Dentre os efeitos decorrentes, constata-se o potencial incentivo ao sócio titular de mais da metade do capital social em promover a capitalização dessas sociedades, por meio do aumento de capital, conferindo-se ao sócio ou grupo de sócios nesse patamar o direito de decidir sobre tal aumento. Aos sócios minoritários, ainda que titulares de mais de um quarto do capital social, restam as prerrogativas de acompanhar o aumento, ou serem diluídos em suas participações. A depender do percentual desse controlador, mesmo com a diluição de sua participação, em razão da emissão de novas quotas, persistirá seu poder de mando com relação às decisões estratégicas da empresa, ainda que haja uma redução no percentual de suas quotas.

Além disso, a aplicabilidade dos novos quóruns de deliberação poderá não ocorrer de forma automática para toda e qualquer sociedade limitada, posto ser necessário verificar se há previsão de quórum específico para a deliberação de determinada matéria. Se este for o caso, o quórum previsto nos atos societários da empresa permanecerá em vigor, sendo necessário, para aplicar o quórum legal, a prévia alteração dos atos societários da empresa.

Percebe-se, portanto, que a reforma legislativa em questão traz impactos relevantes, para a estrutura de poder da empresa, para os direitos de majoritários e minoritários e, em potencial, para sua governança corporativa, podendo funcionar como gatilho para negócios ou, conforme o caso, conflitos envolvendo a sociedade e seus sócios.
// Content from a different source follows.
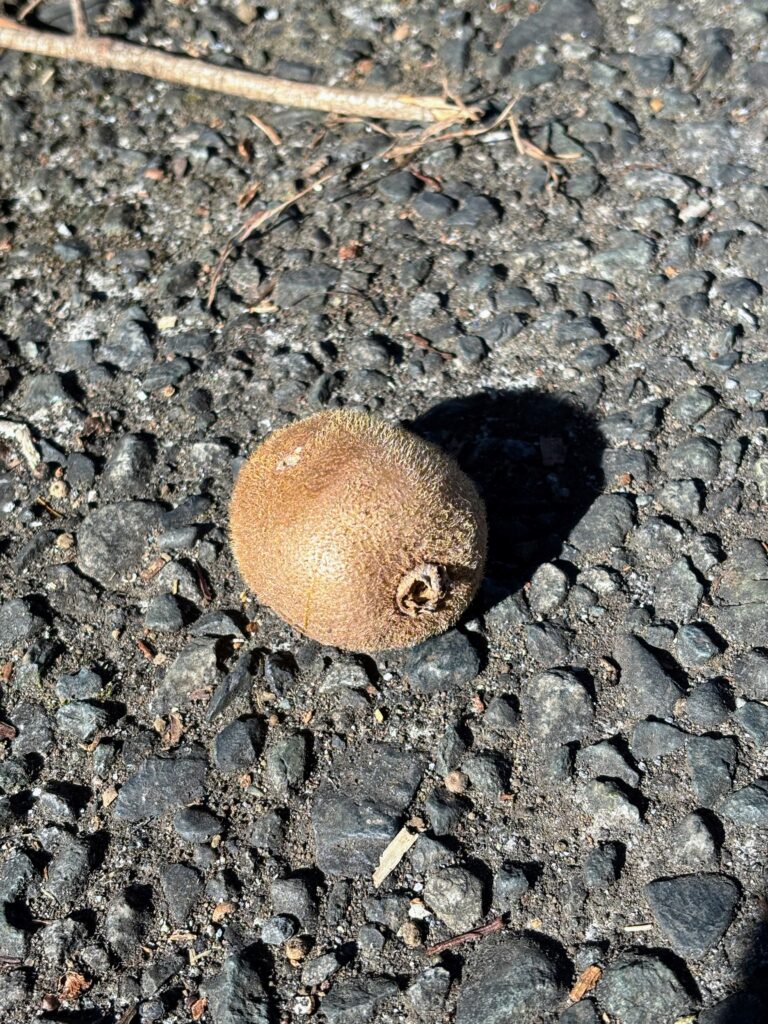 海を眺めた後は、ミカン畑やキウイ畑が続く、のどかな農道や山道へと入っていきます。道路にはキウイがコロンと落ちていて、見上げると横は立派なキウイ畑でした。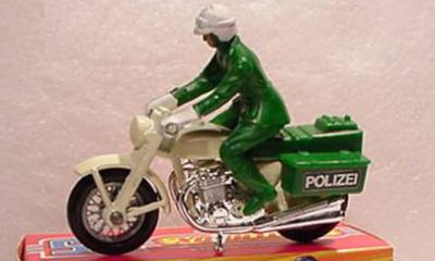 cream, chrome engine, green rider, with rider painted, green seat, POLIZEI (wide) deco |

Visando à manutenção de camadas de proteção ao sócio minoritário, o legislador preservou o quórum qualificado pelo voto de titulares de quotas correspondentes, no mínimo, a três quartos do capital social, para a aprovação das contas da administração. Assim, sócios que porventura não participem da eleição de administradores têm a prerrogativa de aprovar, ou não, tais contas, desvinculando-se tal decisão da maioria do capital social que, em boa parte das ocasiões, direcionará a eleição de administradores.

É importante registrar que as alterações promovidas nos quóruns de deliberação nas sociedades limitadas não devem ser interpretadas como um cheque em branco dado ao controlador ou grupo de controle da sociedade, uma vez que os votos dos sócios devem sempre ser pautados no melhor interesse da empresa e do atendimento à sua função socioeconômica.

Isso posto, sobressai a relevância da inovação legislativa, a produzir efeitos para as sociedades limitadas em funcionamento e a serem constituídas no Brasil. Deve, assim, ser objeto de análise cuidadosa por todos os que possuam ou venham a deter quotas de sociedades limitadas no país.